**REQUIREMENT:** Every entry is to be reproduced word for word, but the images are not.

**PROVIDED INFORMATION:**
************
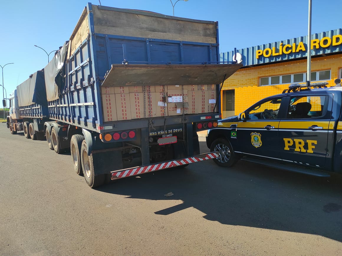 A Polícia Rodoviária Federal (PRF) apreendeu no início da manhã desta terça-feira (04), em Guaíra, cerca de 600 mil maços de cigarros contrabandeados do Paraguai que eram transportados por um homem em um bitrem com placas trocadas.
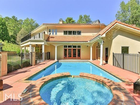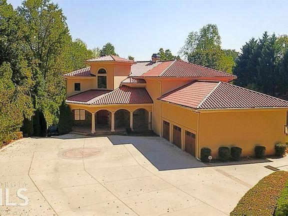 Gorgeous & modern & huge mediterranean masterpiece. PRIVATE GATES open to 2.5+ acre estate. If you want privacy and no HOA fees or restrictions, this is your estate! Top of the line building materials and gorgeous architectural features. Bright, open floor plan is built to surround the sparkling pool and spa making it feel like resort living every day. The stunning sunray beamed ceiling in the sun room adjacent to the two-story great room with beamed ceiling, fireplace and entertaining bar. Beautiful kitchen w/white granite counters and modern glass backsplash. Outside kitchen provides terrific place to entertain or just sit and enjoy life. First floor also has large guest bedroom. Upstairs is over-sized master suite including fireplace, private balcony, large closet, massage room and spa-like bathroom. Also upstairs is laundry, small office area, two secondary bedrooms w/ensuite bathrooms and play room. Terrace level is spectacular with entertaining bar, separate full kitchen, theatre room, billiard room, stage, guest bedroom and bathroom plus a ton of room for storage. Everything you could want! Priced well below build cost.
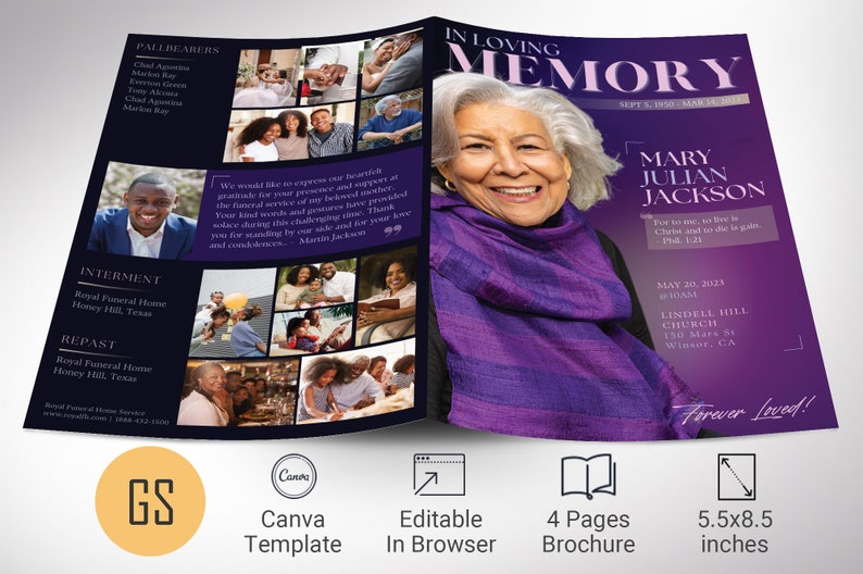Purple Funeral Program Template Canva 4 Page Magazine Style Obituary 5
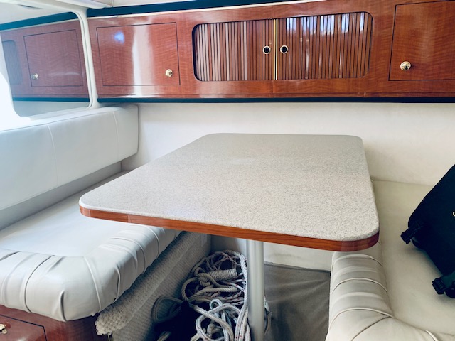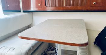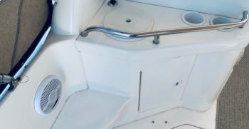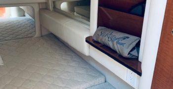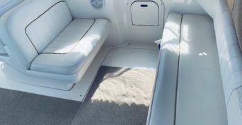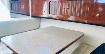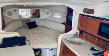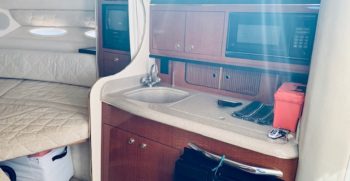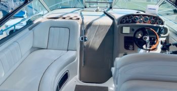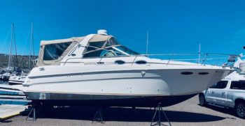 This Sundancer offers just about everything one could desire in a quality midsize family cruiser. Sea Ray always builds a solid boat, and at over 10,000 pounds, the Sundancer is no lightweight. The cockpit includes a port side sun lounge and a removable aft bench seat in addition to a very stylish helm console. Standard features include a cockpit shower and wet bar, excellent storage, a drop-down helm seat, and a transom door.
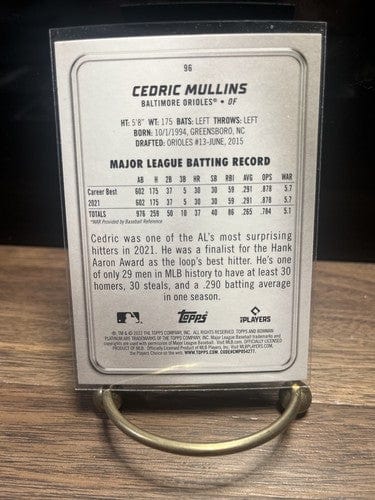 Cedric Mullins 2022 Bowman Platinum #96 Baltimore Orioles Baseball Car
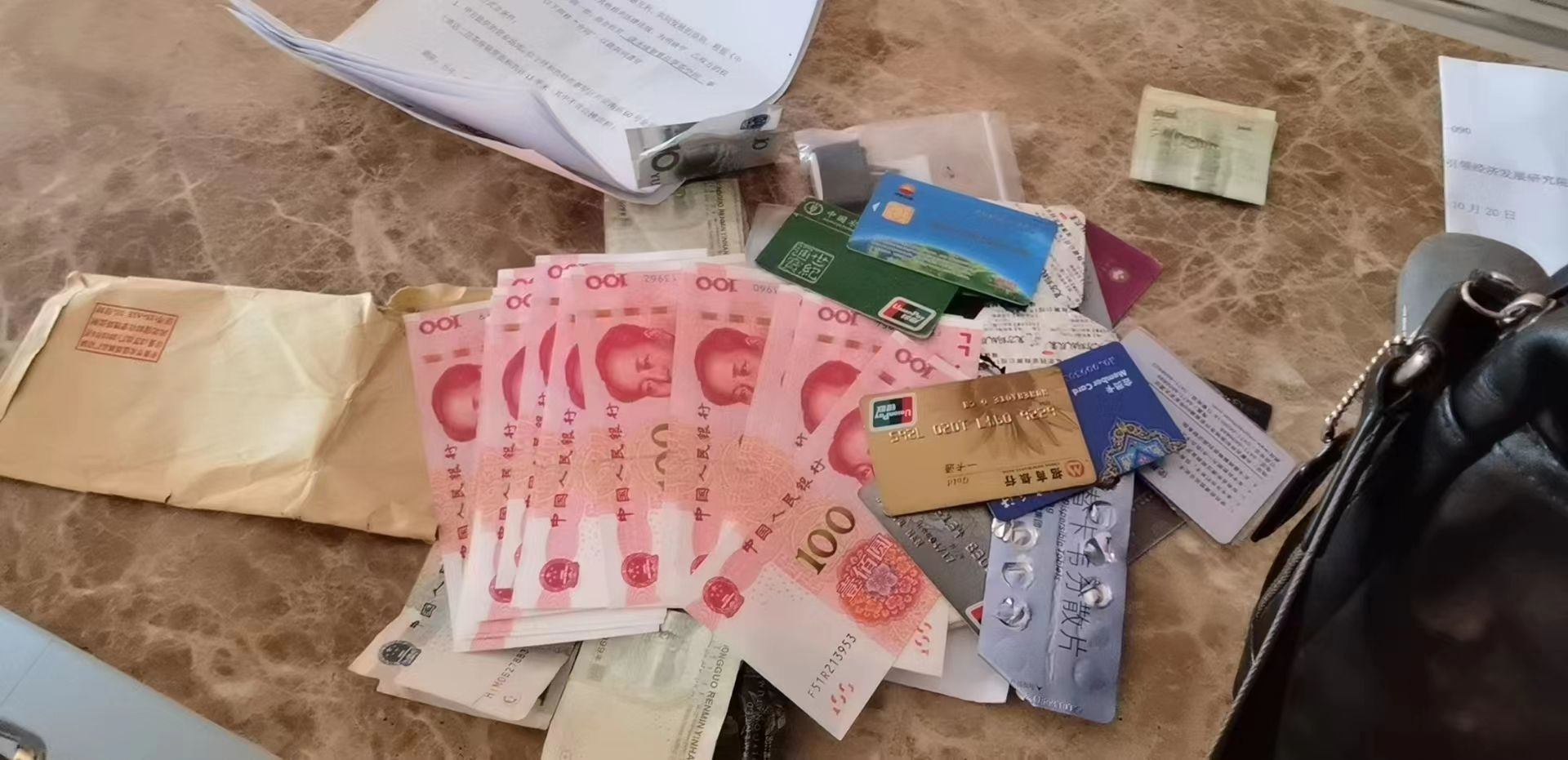 原來,當天15時許,呼和浩特市迎新路辦事處團結(jié)小區(qū)社區(qū)網(wǎng)格員聶霞和社區(qū)耿書記在團結(jié)小區(qū)東區(qū)物貿(mào)樓排查工作中,發(fā)現(xiàn)一垃圾箱旁邊有一個黑色的提包,打開一看,里面裝有近3000元現(xiàn)金和身份證、銀行卡以及多個貴重物品,想到失主一定很著急,聶霞馬上根據(jù)失主身份證上的信息聯(lián)系到失主所在的社區(qū)網(wǎng)格員劉淑萍,經(jīng)過幾番周折,終于與失主取得聯(lián)系。經(jīng)過電話溝通確認,半小時后,失主劉先生趕到團結(jié)小區(qū)社區(qū)居委會,認領(lǐng)了自己的物品。
************
**SOLUTION BELOW:**
 A Polícia Rodoviária Federal (PRF) apreendeu no início da manhã desta terça-feira (04), em Guaíra, cerca de 600 mil maços de cigarros contrabandeados do Paraguai que eram transportados por um homem em um bitrem com placas trocadas.
 Gorgeous & modern & huge mediterranean masterpiece. PRIVATE GATES open to 2.5+ acre estate. If you want privacy and no HOA fees or restrictions, this is your estate! Top of the line building materials and gorgeous architectural features. Bright, open floor plan is built to surround the sparkling pool and spa making it feel like resort living every day. The stunning sunray beamed ceiling in the sun room adjacent to the two-story great room with beamed ceiling, fireplace and entertaining bar. Beautiful kitchen w/white granite counters and modern glass backsplash. Outside kitchen provides terrific place to entertain or just sit and enjoy life. First floor also has large guest bedroom. Upstairs is over-sized master suite including fireplace, private balcony, large closet, massage room and spa-like bathroom. Also upstairs is laundry, small office area, two secondary bedrooms w/ensuite bathrooms and play room. Terrace level is spectacular with entertaining bar, separate full kitchen, theatre room, billiard room, stage, guest bedroom and bathroom plus a ton of room for storage. Everything you could want! Priced well below build cost.
Purple Funeral Program Template Canva 4 Page Magazine Style Obituary 5
 This Sundancer offers just about everything one could desire in a quality midsize family cruiser. Sea Ray always builds a solid boat, and at over 10,000 pounds, the Sundancer is no lightweight. The cockpit includes a port side sun lounge and a removable aft bench seat in addition to a very stylish helm console. Standard features include a cockpit shower and wet bar, excellent storage, a drop-down helm seat, and a transom door.
 Cedric Mullins 2022 Bowman Platinum #96 Baltimore Orioles Baseball Car
 原來,當天15時許,呼和浩特市迎新路辦事處團結(jié)小區(qū)社區(qū)網(wǎng)格員聶霞和社區(qū)耿書記在團結(jié)小區(qū)東區(qū)物貿(mào)樓排查工作中,發(fā)現(xiàn)一垃圾箱旁邊有一個黑色的提包,打開一看,里面裝有近3000元現(xiàn)金和身份證、銀行卡以及多個貴重物品,想到失主一定很著急,聶霞馬上根據(jù)失主身份證上的信息聯(lián)系到失主所在的社區(qū)網(wǎng)格員劉淑萍,經(jīng)過幾番周折,終于與失主取得聯(lián)系。經(jīng)過電話溝通確認,半小時后,失主劉先生趕到團結(jié)小區(qū)社區(qū)居委會,認領(lǐng)了自己的物品。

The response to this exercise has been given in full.